> DATA IN THIS EXERCISE:
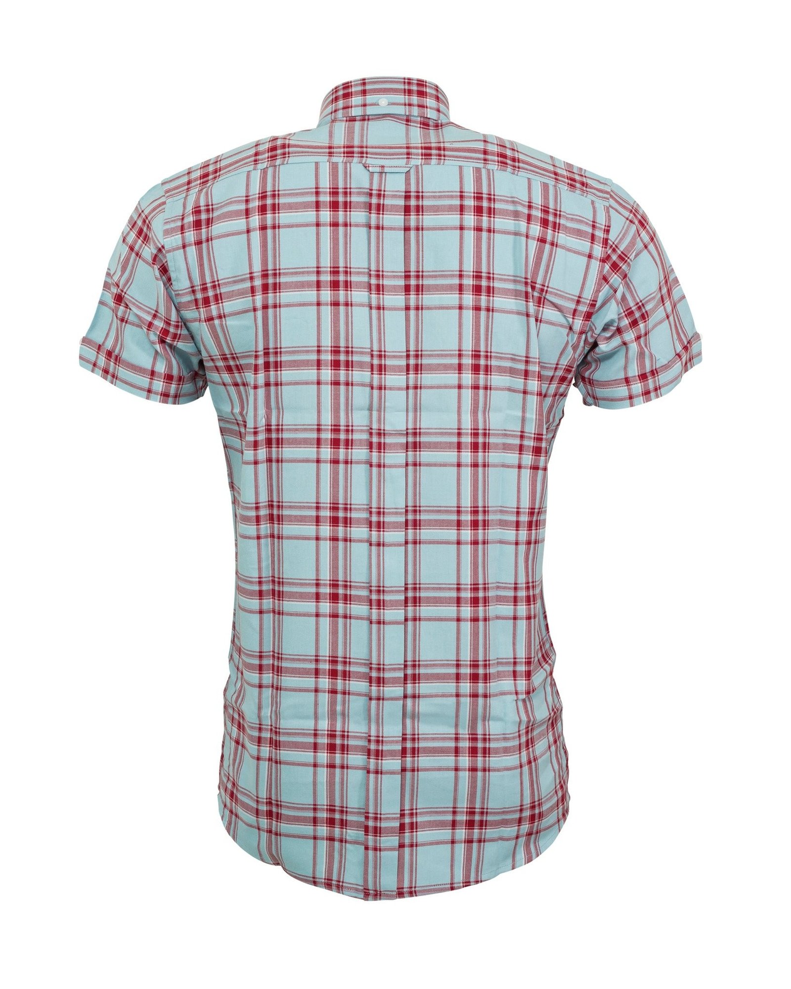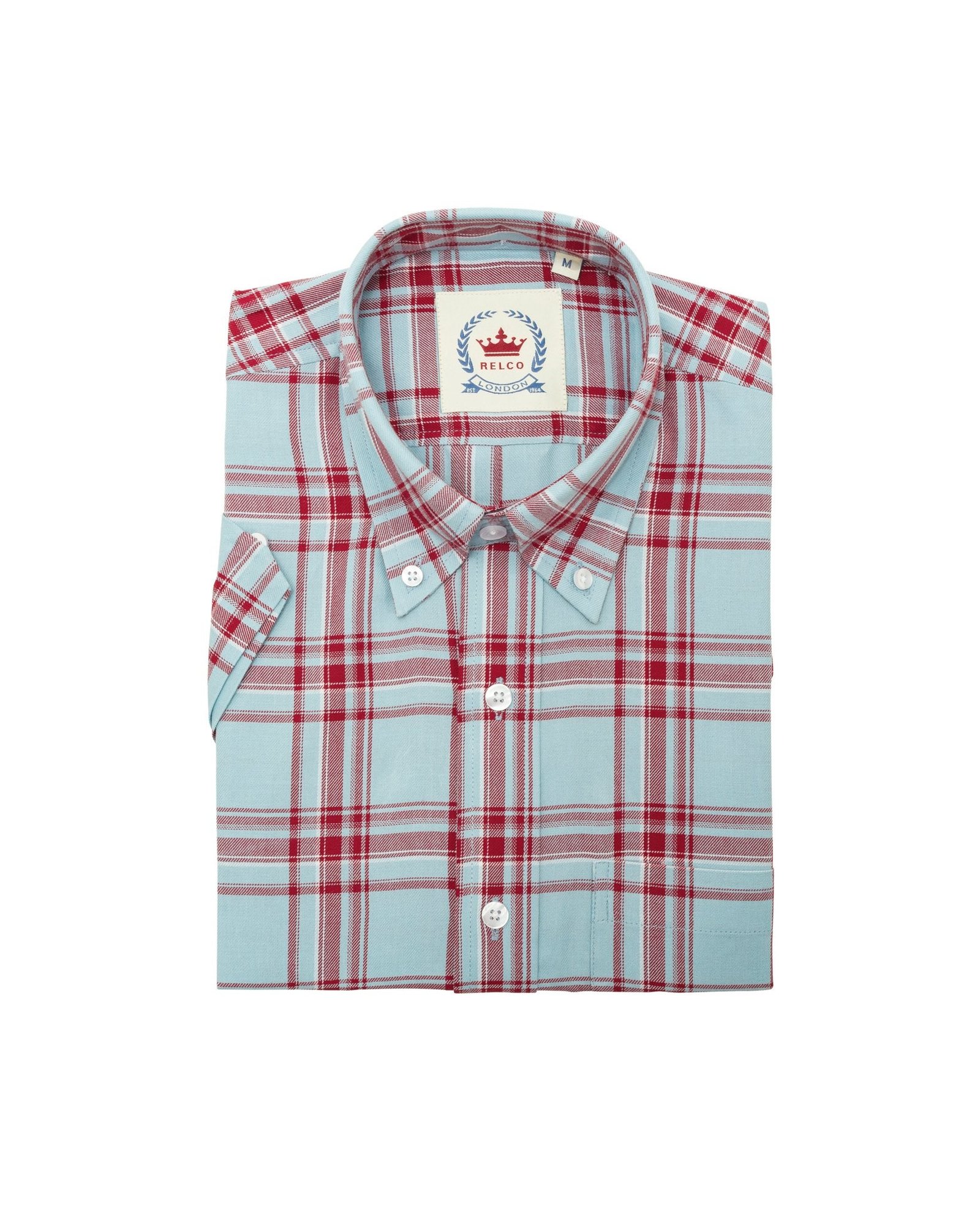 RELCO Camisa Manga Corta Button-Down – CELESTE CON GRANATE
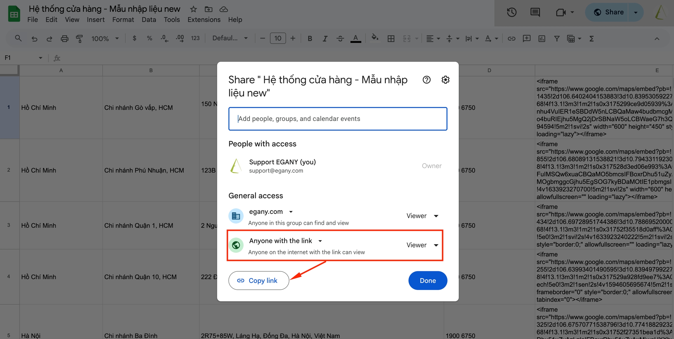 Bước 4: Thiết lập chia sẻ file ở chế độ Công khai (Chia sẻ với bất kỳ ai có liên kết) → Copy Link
--
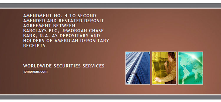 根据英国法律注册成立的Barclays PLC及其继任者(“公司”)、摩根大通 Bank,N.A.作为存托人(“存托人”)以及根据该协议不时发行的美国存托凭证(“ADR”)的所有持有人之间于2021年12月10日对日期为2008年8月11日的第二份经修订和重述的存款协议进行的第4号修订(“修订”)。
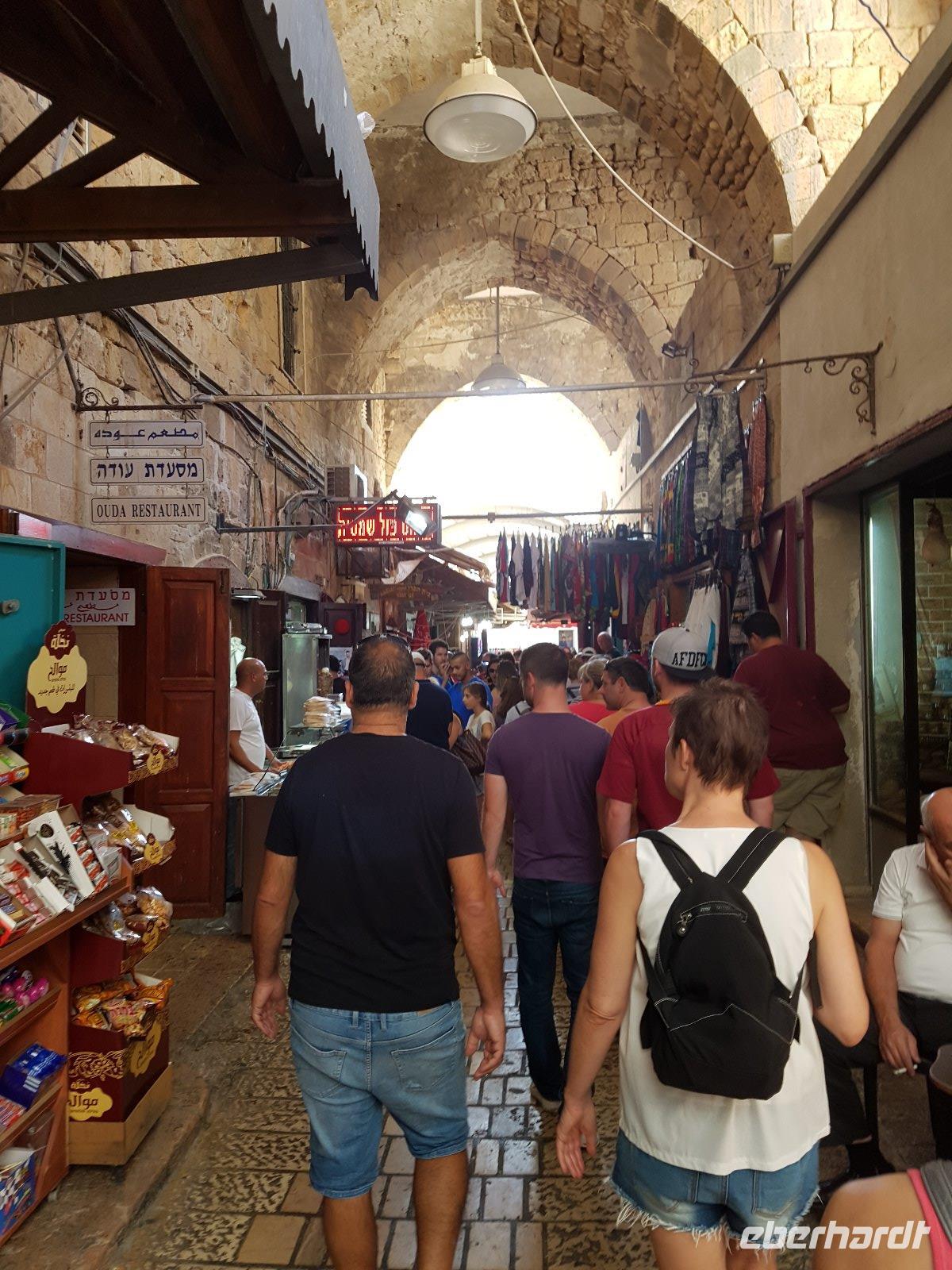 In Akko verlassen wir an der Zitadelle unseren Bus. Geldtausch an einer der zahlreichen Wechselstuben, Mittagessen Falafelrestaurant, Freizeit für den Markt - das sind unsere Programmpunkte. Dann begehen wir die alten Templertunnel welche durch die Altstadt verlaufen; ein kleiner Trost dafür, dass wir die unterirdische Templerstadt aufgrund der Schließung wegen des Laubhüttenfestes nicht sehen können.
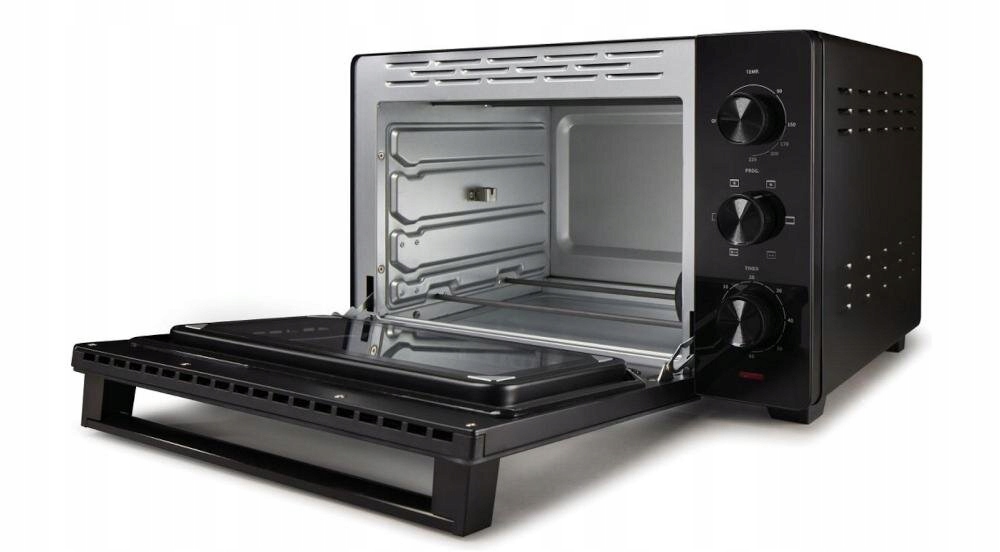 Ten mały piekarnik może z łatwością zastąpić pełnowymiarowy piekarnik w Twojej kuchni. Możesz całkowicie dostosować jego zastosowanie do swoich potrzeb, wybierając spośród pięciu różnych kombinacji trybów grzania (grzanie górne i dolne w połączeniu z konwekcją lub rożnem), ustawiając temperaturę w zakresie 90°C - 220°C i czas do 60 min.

> REQUIREMENT: Above are the records. Copy word for word only their lines from the one holding "RELCO Camisa Manga" through the one holding "Bước 4: Thiết", both included, and skip the images.

> TASK ANSWER:
 RELCO Camisa Manga Corta Button-Down – CELESTE CON GRANATE
 Bước 4: Thiết lập chia sẻ file ở chế độ Công khai (Chia sẻ với bất kỳ ai có liên kết) → Copy Link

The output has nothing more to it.